*** Opening of Provided material ***
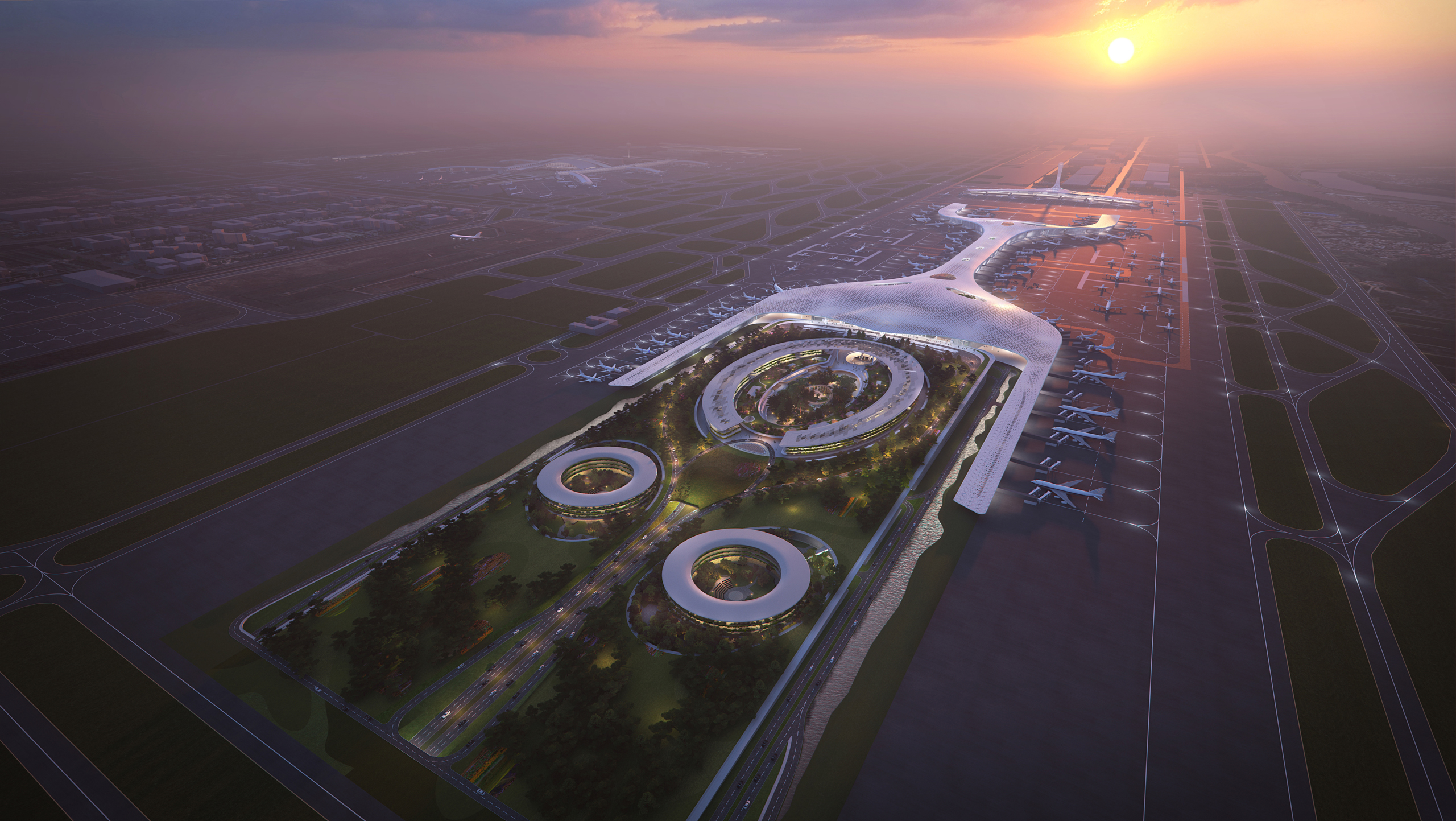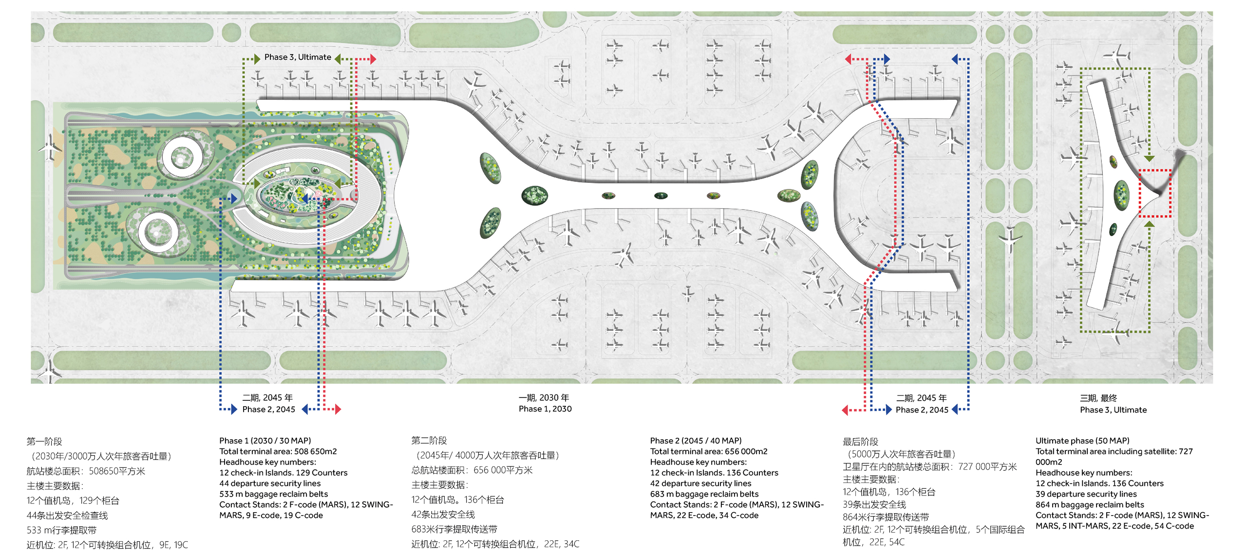 Environmental considerations are central to the design, with a focus on low carbon, water, and energy consumption, as well as adaptability to future challenges. The efficient layout of the terminal maximizes space utilization and airside flexibility, accommodating various aircraft types and future fleet changes. Additionally, provisions for technological advancements and potential expansions ensure that the airport remains efficient and capable of meeting evolving passenger needs.
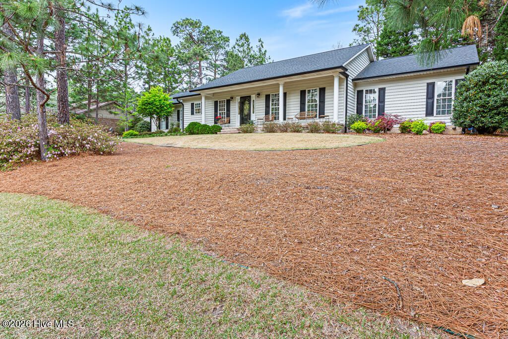 Welcome to this beautifully renovated, meticulously maintained single-story home in the heart of Pinehurst, just minutes from Pinehurst Country Club. Thoughtfully designed for comfort and ease, this home features two spacious primary suites--each with a private en-suite bath, floor-to-ceiling tiled showers, and custom walk-in closets--offering privacy and comfort for both owners and guests. The open living space is filled with natural light from expansive windows, boasts engineered hardwood maple flooring in living areas, and is anchored by a gas fireplace with built-in bookcases, flowing seamlessly into the fully renovated kitchen with semi-custom cabinetry, quartz countertops with extended bar seating, stainless steel appliances, and a gas range. Step outside to a beautiful, abundant blooming landscape, with a private, fully-fenced backyard retreat featuring a screened-in porch, multiple patio areas, terraced garden beds, and a pergola--perfect for relaxing or entertaining. A rare opportunity for refined, low-maintenance, single-level living in one of Pinehurst's most desirable locations. This property also includes an oversized two-car garage with built-in cabinetry and shelving for storage, new crawl space vapor barrier with dehumidifier, front and back irrigation, a termite bond, and so much more! Schedule your showing today.
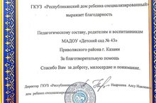 Благодарность от Республиканского дома ребенка специализированного г.Казани педагогам, сотрудникам,
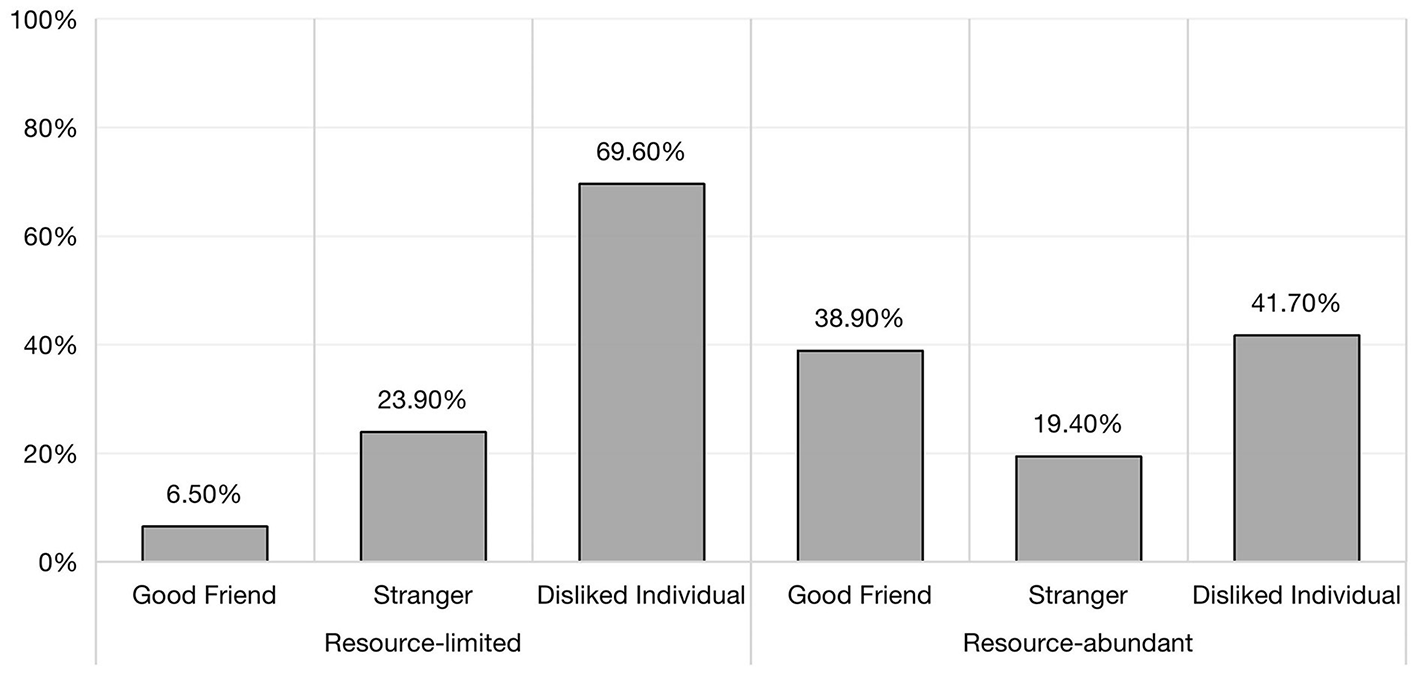 Children participated in our trials featuring limited or abundant resources and three peer relationships, and had the option to use an extra bucket to achieve equal token distribution (some participants did). The aforementioned to, wasting resources to achieve equal allocation was only 20.7%, and further chi-square results indicate that the number of resources and peer relationships had a significant effect on children's equal allocation (χ2 = 13.13, df = 2, p = 0.001). Notably, children's tendency to make equal allocations toward disliked individuals was most pronounced regardless of the resource quantities (see Figure 3). When children faced with disliked individuals, those in the resource-limited group were more likely to discard resources in order to make an equal distribution (70%), compared to those in the resource-abundant group (42%). These findings suggested that children with limited resource demonstrate a greater willingness to sacrifice resources in order to achieve equality, especially when confronted with disliked individuals.
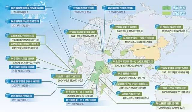 中国军队参加联合国维和行动示意图(统计截至2017年5月,数据来源:国防部维和事务办公室)
*** Close of Provided material ***
> Task requirements
Every line above is to be duplicated exactly; no picture should be carried over.

> Task response
 Environmental considerations are central to the design, with a focus on low carbon, water, and energy consumption, as well as adaptability to future challenges. The efficient layout of the terminal maximizes space utilization and airside flexibility, accommodating various aircraft types and future fleet changes. Additionally, provisions for technological advancements and potential expansions ensure that the airport remains efficient and capable of meeting evolving passenger needs.
 Welcome to this beautifully renovated, meticulously maintained single-story home in the heart of Pinehurst, just minutes from Pinehurst Country Club. Thoughtfully designed for comfort and ease, this home features two spacious primary suites--each with a private en-suite bath, floor-to-ceiling tiled showers, and custom walk-in closets--offering privacy and comfort for both owners and guests. The open living space is filled with natural light from expansive windows, boasts engineered hardwood maple flooring in living areas, and is anchored by a gas fireplace with built-in bookcases, flowing seamlessly into the fully renovated kitchen with semi-custom cabinetry, quartz countertops with extended bar seating, stainless steel appliances, and a gas range. Step outside to a beautiful, abundant blooming landscape, with a private, fully-fenced backyard retreat featuring a screened-in porch, multiple patio areas, terraced garden beds, and a pergola--perfect for relaxing or entertaining. A rare opportunity for refined, low-maintenance, single-level living in one of Pinehurst's most desirable locations. This property also includes an oversized two-car garage with built-in cabinetry and shelving for storage, new crawl space vapor barrier with dehumidifier, front and back irrigation, a termite bond, and so much more! Schedule your showing today.
 Благодарность от Республиканского дома ребенка специализированного г.Казани педагогам, сотрудникам,
 Children participated in our trials featuring limited or abundant resources and three peer relationships, and had the option to use an extra bucket to achieve equal token distribution (some participants did). The aforementioned to, wasting resources to achieve equal allocation was only 20.7%, and further chi-square results indicate that the number of resources and peer relationships had a significant effect on children's equal allocation (χ2 = 13.13, df = 2, p = 0.001). Notably, children's tendency to make equal allocations toward disliked individuals was most pronounced regardless of the resource quantities (see Figure 3). When children faced with disliked individuals, those in the resource-limited group were more likely to discard resources in order to make an equal distribution (70%), compared to those in the resource-abundant group (42%). These findings suggested that children with limited resource demonstrate a greater willingness to sacrifice resources in order to achieve equality, especially when confronted with disliked individuals.
 中国军队参加联合国维和行动示意图(统计截至2017年5月,数据来源:国防部维和事务办公室)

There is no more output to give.